# Eagle Snatches Baby, Fake or Real?



## lampheat (Nov 27, 2012)

Can this be real? Could they pick up a small child like this?


----------



## Emma30 (Apr 18, 2008)

Looks real to me, It does look like its struggling to carry the child off and then drops the child, luckily!! but yeah I would say it is possible as golden eagles often catch large prey :2thumb:


----------



## RubyTiger (Dec 12, 2012)

Whether it's real or not it's certainly possible. Eagles and large owls have been known to pick up small deer.
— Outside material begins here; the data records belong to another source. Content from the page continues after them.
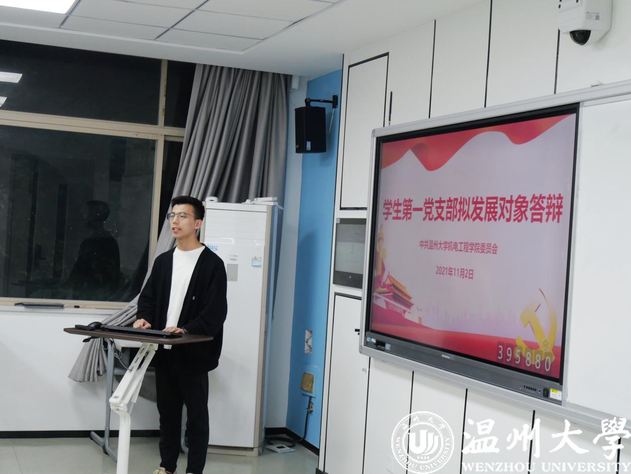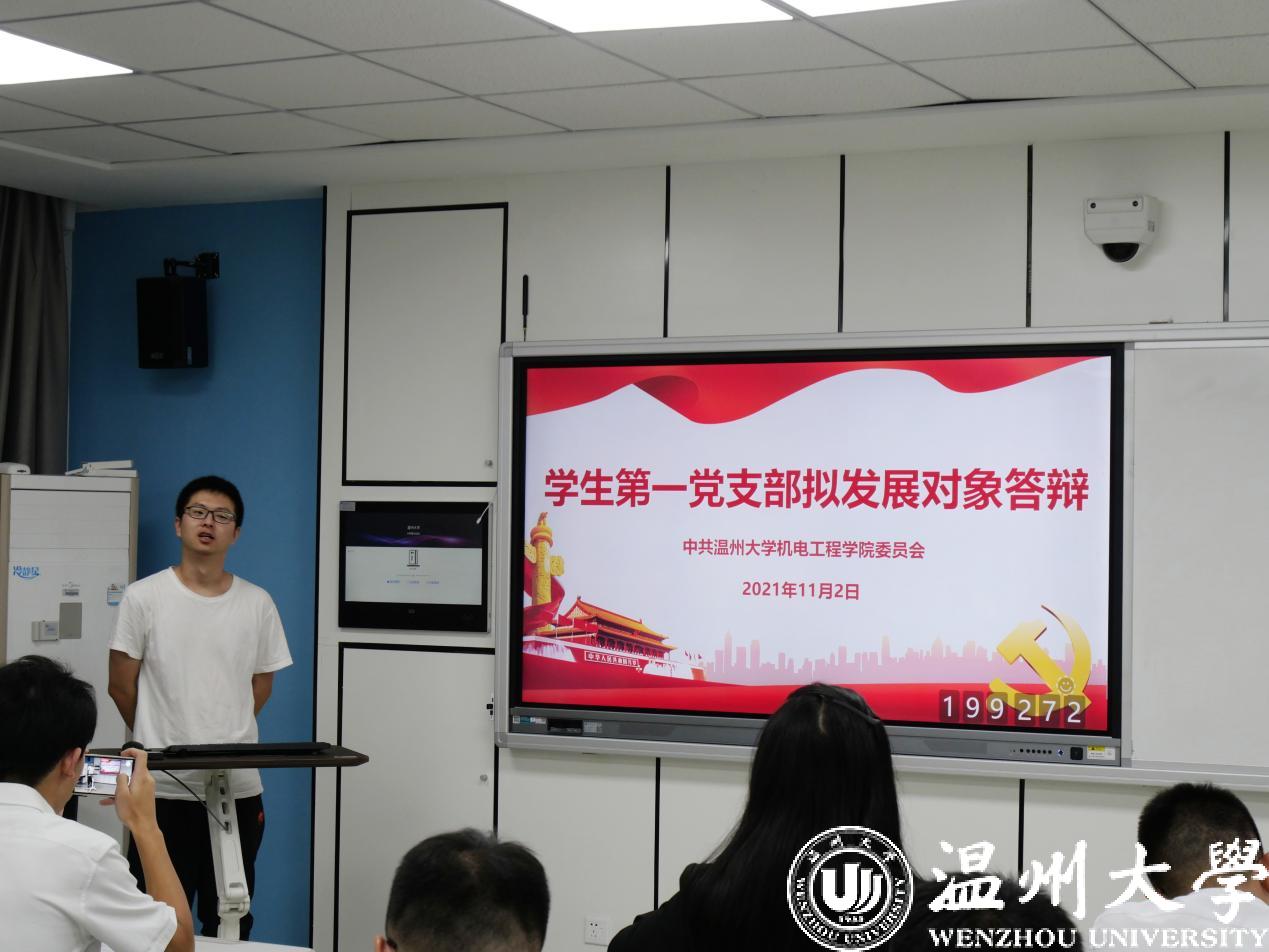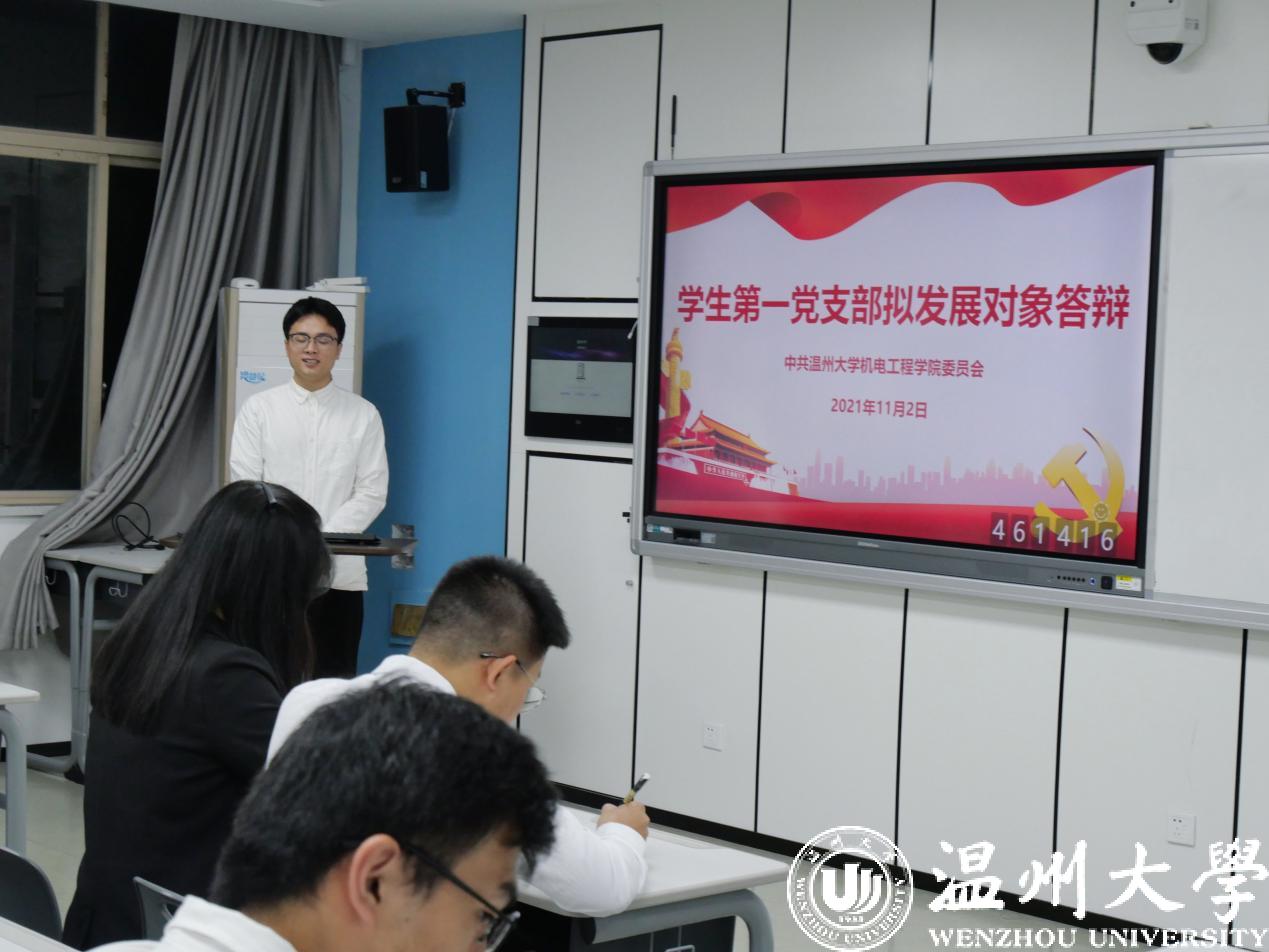 在本次答辩会上,学生第一党支部梁嘉伟、余成玘、林家豪、周洋光、周斌瑞、金鸿斌、徐湘喻、张越洋、周欲欣9位同学参与答辩;学生第二党支部苏智楠、张涛、郭治东、蔡嘉淇4位同学参与答辩;学生第三党支部朱莉、魏淳辉、张德楠、林慧、严潘铃、范雯慧、吴子豪、叶程鹏、王成鑫、陈曹宇、虞远航、曹高涵、戚建波、郏杨昊、王洪群、李佳明、余飞岑17位同学参与答辩。答辩人主要从对党的认识、入党动机、学业水平和参加实践等方面进行汇报。同时,支部党员对候选人进行党史党章,时事政治等的提问。
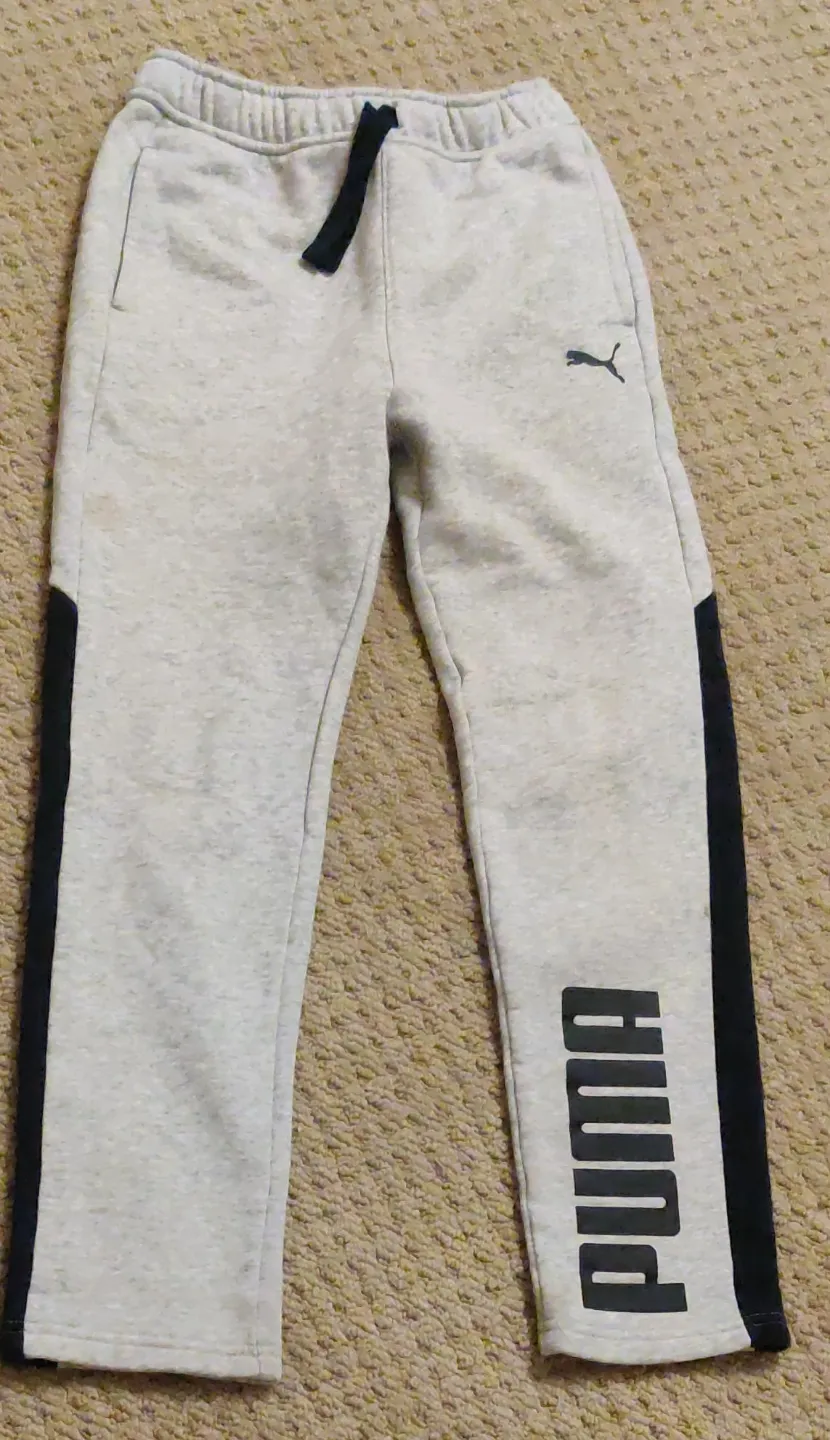 Grey Puma sweatpants with black side panels. Drawstring waistband. Excellent condition. Size L (10-12) yrs of age. Pickup from Richmond.
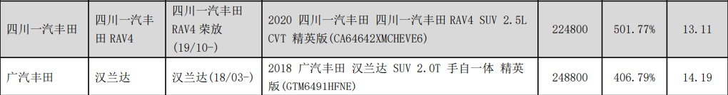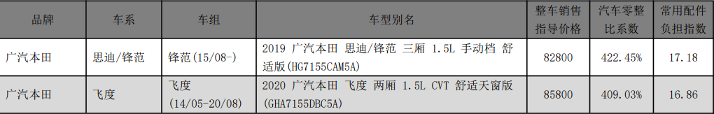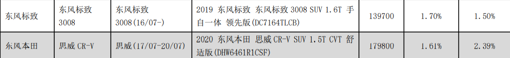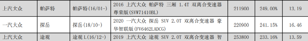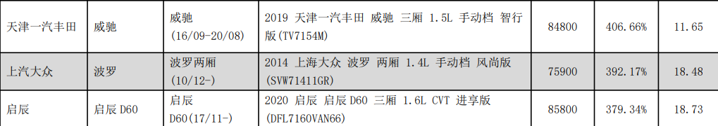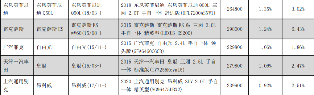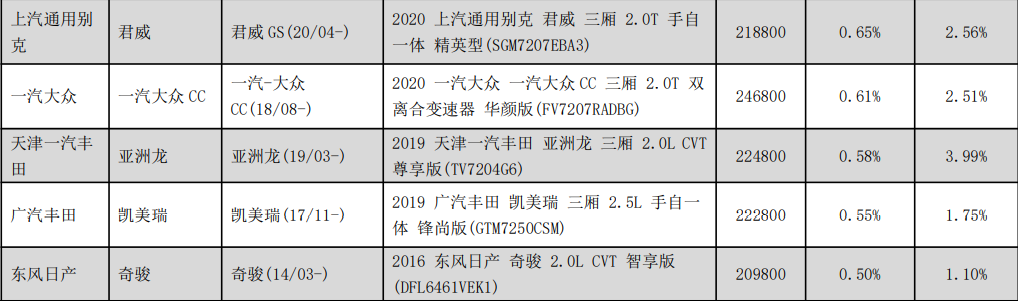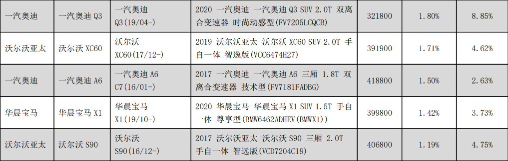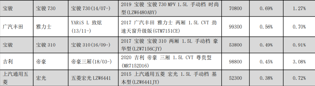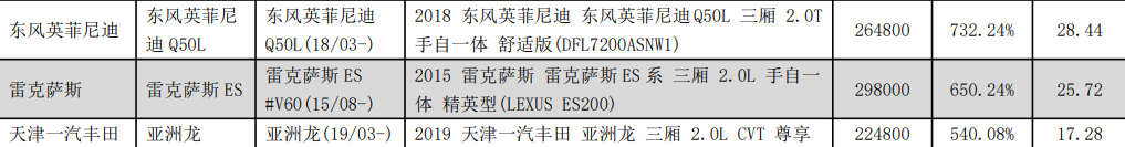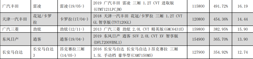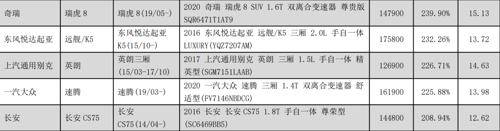 汽车零整比系数(每个价格区间只列举最高和最低的五个车型)

They may not get very far but can at least lift them off the ground to some extent.


----------



## slippery42 (Mar 23, 2008)

Its a fake, search the interent and you can find a load of references, slow it down and it looks so faked


----------



## waterdragon555 (Nov 27, 2010)

This is fake loads of people have said about this all over the internet but i have seen eagle killing deer or goats by draging them off a cliff.


----------



## feorag (Jul 31, 2007)

I agree - fake!


----------



## Zoo-Man (Apr 12, 2008)

Aparently its fake 

Eagle baby-snatch video confirmed as a hoax - watch - Odd News - Digital Spy


----------



## Emma30 (Apr 18, 2008)

Oh well shows how gullible I am :blush::blush::blush::blush: I thought it was real :lol2::lol2:


----------



## IceBloodExotics (Sep 17, 2012)

Proven fake


----------



## gazz (Dec 9, 2006)

lampheat said:


> Can this be real? Could they pick up a small child like this?


This is fake!. 

But it very possible that a Eagle could take a child of that size.

Eagle v Deer.
golden eagle catches deer - YouTube

Eagle v Goat.
eagle vs deer - YouTube


----------